[Start of section]
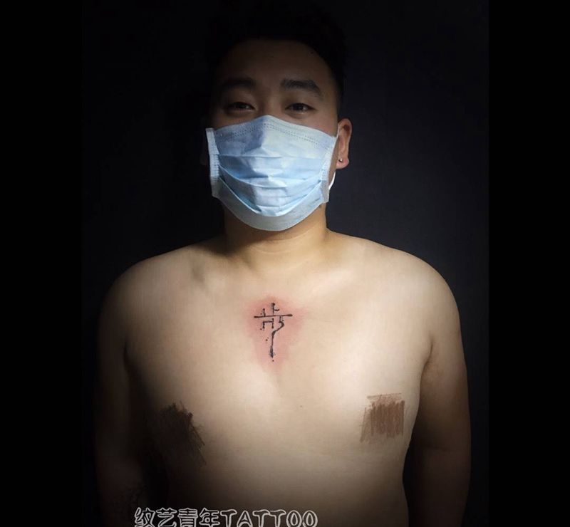 当前位置: 首页 >四川省成都市纹身店-纹艺青年刺青工作室纹身图案>写意-步纹身图片_成品颈部胸部原创字符写意纹身图案
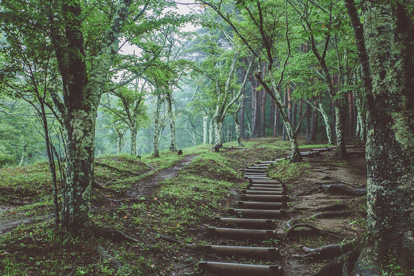 山頂から河口湖の天上山や西桂町の三つ峠まで続き、日常的にハイキングできる登山道。
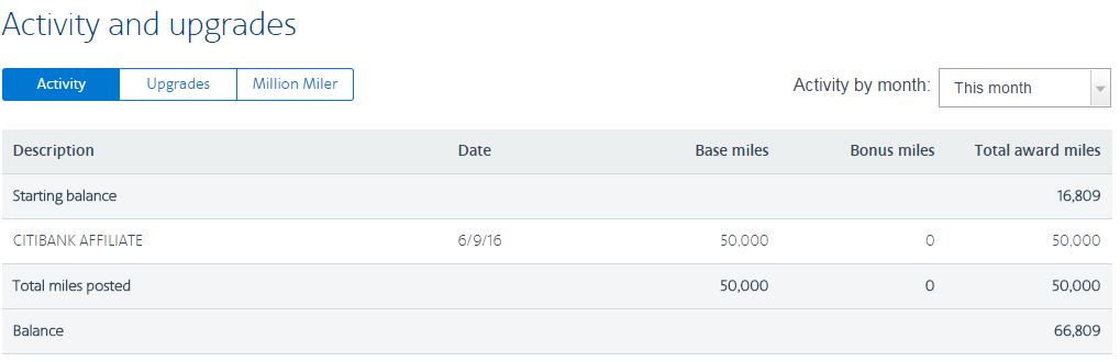 But sure enough, today while updating Award Wallet, I noticed that my 50,000 miles had (finally!) posted!
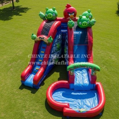 T8-7110 Angry Birds Theme Inflatable Water Slide
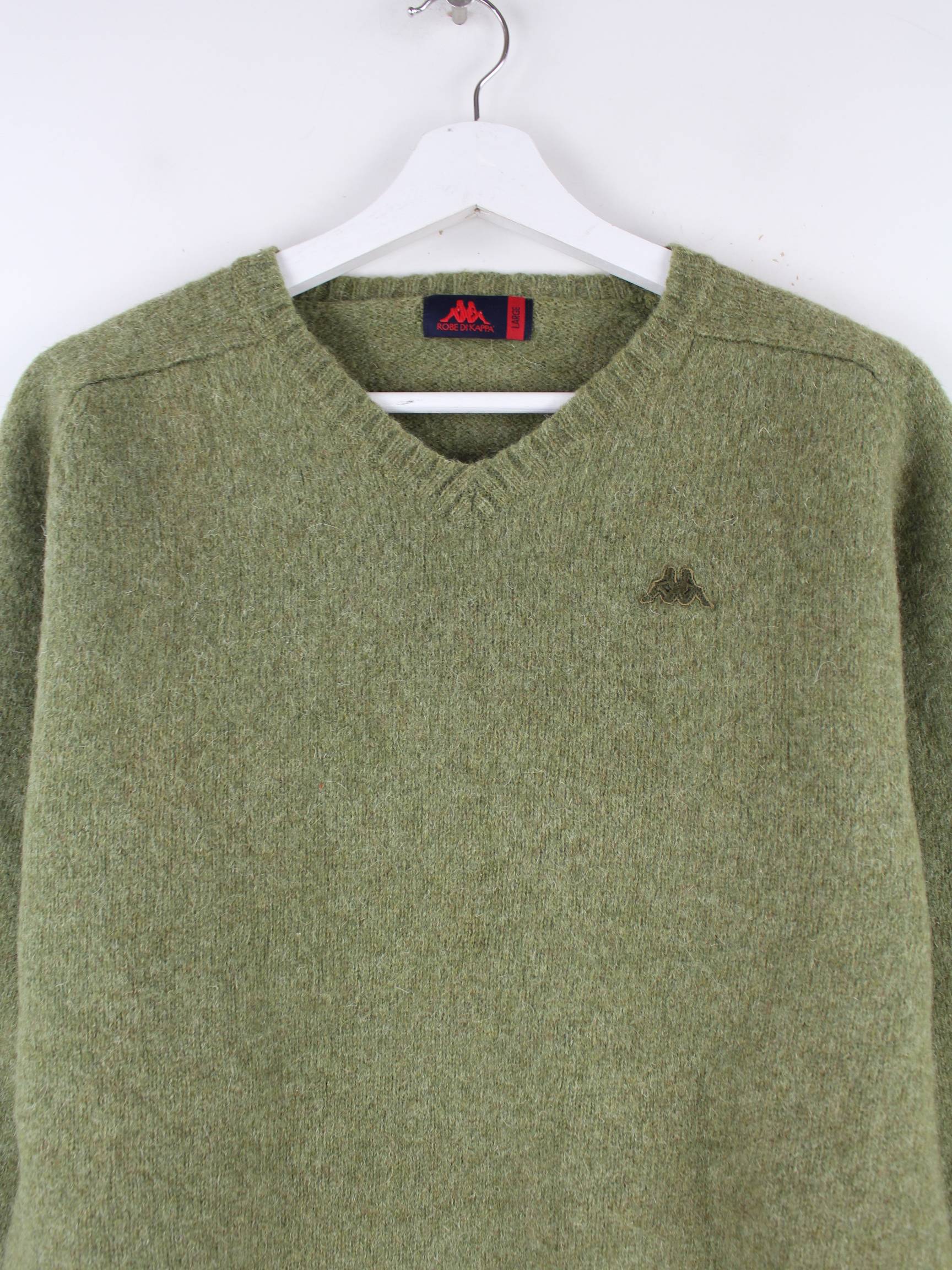 Grüner Pullover der Brand Kappa aus den 90'ern in Größe S. Er ist aus Baumwolle und in sehr gutem Zustand auf Lager.
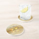 Coaster with my artwork of two gold colored hearts floating on water. Customizable text says "50 Years".
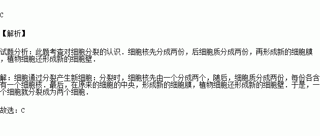 ①細(xì)胞質(zhì)分成兩份,每份各含一個(gè)細(xì)胞核
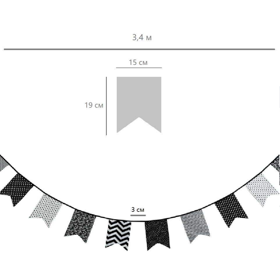Гирлянда состоит из 12 флажков, общая длина составляет 3,4 м, расстояние между флажками 3 см, длина матерчатых флажков 2,1 м, длина лямок с обеих сторон по 50 см
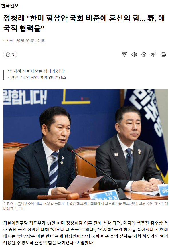 정청래 "한미 협상안 국회 비준에 혼신의 힘… 野, 애국적 협력을"ㅡ 국짐이 협조 안할거 같네
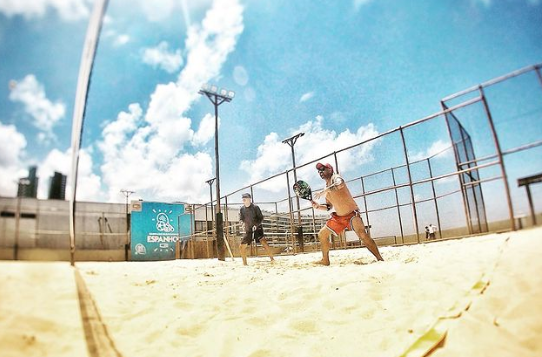 O cenário é o Clube Espanhol. As quadras são cobertas por areia fina, e a energia é contagiante.
[End of section]
_WORK INSTRUCTION_: Without the pictures, reproduce each line from the one containing "①細(xì)胞質(zhì)分成兩份,每份各含一個(gè)細(xì)胞核" through the last line of the material above, both of those lines included.

_RESULT_:
 ①細(xì)胞質(zhì)分成兩份,每份各含一個(gè)細(xì)胞核
Гирлянда состоит из 12 флажков, общая длина составляет 3,4 м, расстояние между флажками 3 см, длина матерчатых флажков 2,1 м, длина лямок с обеих сторон по 50 см
 정청래 "한미 협상안 국회 비준에 혼신의 힘… 野, 애국적 협력을"ㅡ 국짐이 협조 안할거 같네
 O cenário é o Clube Espanhol. As quadras são cobertas por areia fina, e a energia é contagiante.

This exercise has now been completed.